Take the lines below from the one with "オルレア・ホワイトレース 🌿パセリ状で小さい花の集合体 ⏬ セリ科の多年草 原産地はヨーロッパ" through the one with "BLM01 - 12 cây" and retype them exactly. Include nothing else, and no pictures.

Dataset excerpts:

* * * * * * * * *

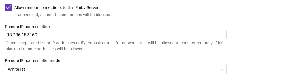 Waldoo 14 Posted December 14, 2022 Author Posted December 14, 2022 (edited) When i turn off wi fi and try to access emby on my phone it lets me in! I tought it would block access exept for that ip in the screenshot? Edited December 14, 2022 by Waldoo
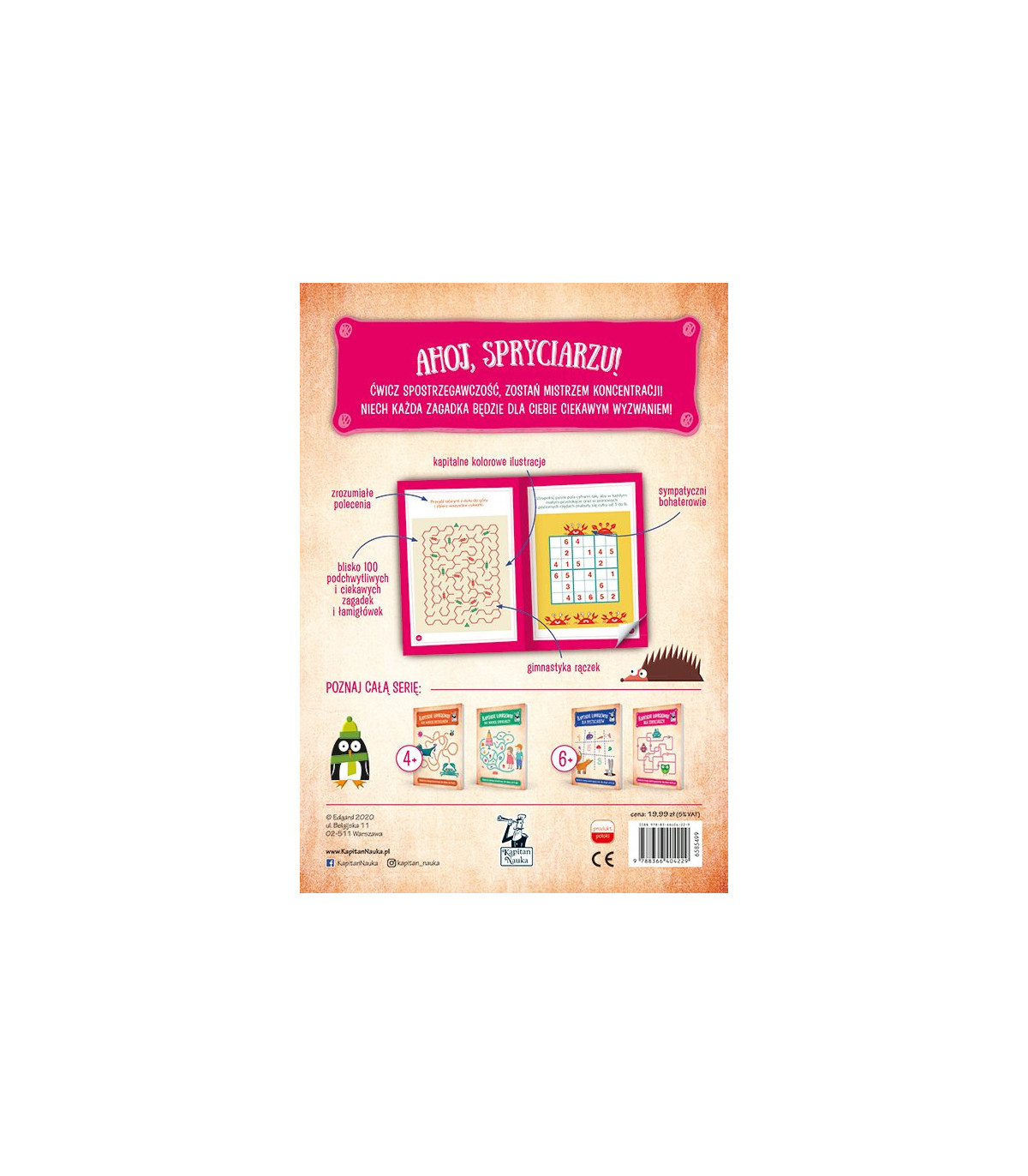 Szukanie drogi w labiryncie, liczbowe układanki oraz poszukiwanie brakującego elementu w ciągu obrazkowym to przykładowe zadania, dzięki którym spryciarze przygotują się do nauki czytania i liczenia. Zabawy grafotomoryczne zapewnią trening motoryki małej i przygotują do nauki pisania. Dzięki prostym poleceniom spryciarze będą mogli samodzielnie radzić sobie z rozwiązywaniem łamigłówek i łamaniem szyfrów. Kapitalne rysunki Macieja Łazowskiego, przedstawiające sympatycznych bohaterów z poczuciem humoru, przykuwają wzrok i sprzyjają koncentracji na zadaniu, a jednocześnie gwarantują świetną zabawę.
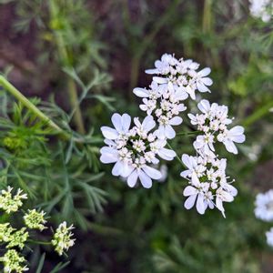 「今朝は、良く会いますね」 「あなたのお名前は?」 ⏬ オルレア・ホワイトレース 🌿パセリ状で小さい花の集合体 ⏬ セリ科の多年草 原産地はヨーロッパ
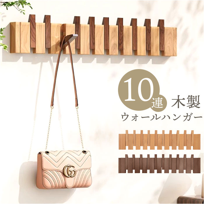 ☆ ナチュラル×ブラウン ☆ ウォールハンガー10連 壁掛けフック おしゃれ 10連 ハンガーラック 壁掛け フック ウォールハンガー 收藏
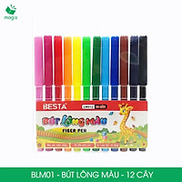 BLM01 - 12 cây bút lông màu, bút dạ màu sắc tươi sáng, an toàn cho bé
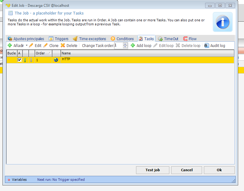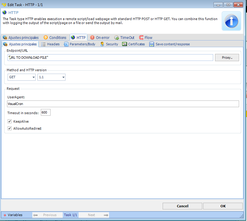 It´s an internal URL from my job. If I put the URL directly in the browser It works properly, downlods the CSV file, but If in VisualCron It doesn´t work. I don´t know what am I doing wrong
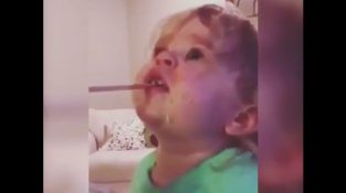 Bebek ilk Japon baharatlı sebze wasabi tadı reaksiyon. Çok komik bir tepkidir.
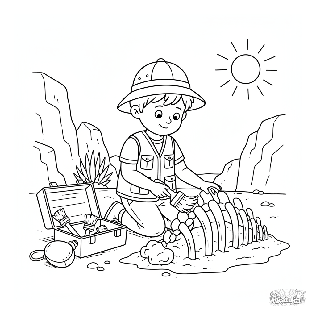 Página para colorir para meninos: um jovem arqueólogo examina curiosamente ossos de dinossauro em um sítio de escavação. Cena detalhada e educativa para crianças de 4 a 6 anos.

* * * * * * * * *

→ EXERCISE RESULT
 「今朝は、良く会いますね」 「あなたのお名前は?」 ⏬ オルレア・ホワイトレース 🌿パセリ状で小さい花の集合体 ⏬ セリ科の多年草 原産地はヨーロッパ
 ☆ ナチュラル×ブラウン ☆ ウォールハンガー10連 壁掛けフック おしゃれ 10連 ハンガーラック 壁掛け フック ウォールハンガー 收藏
 BLM01 - 12 cây bút lông màu, bút dạ màu sắc tươi sáng, an toàn cho bé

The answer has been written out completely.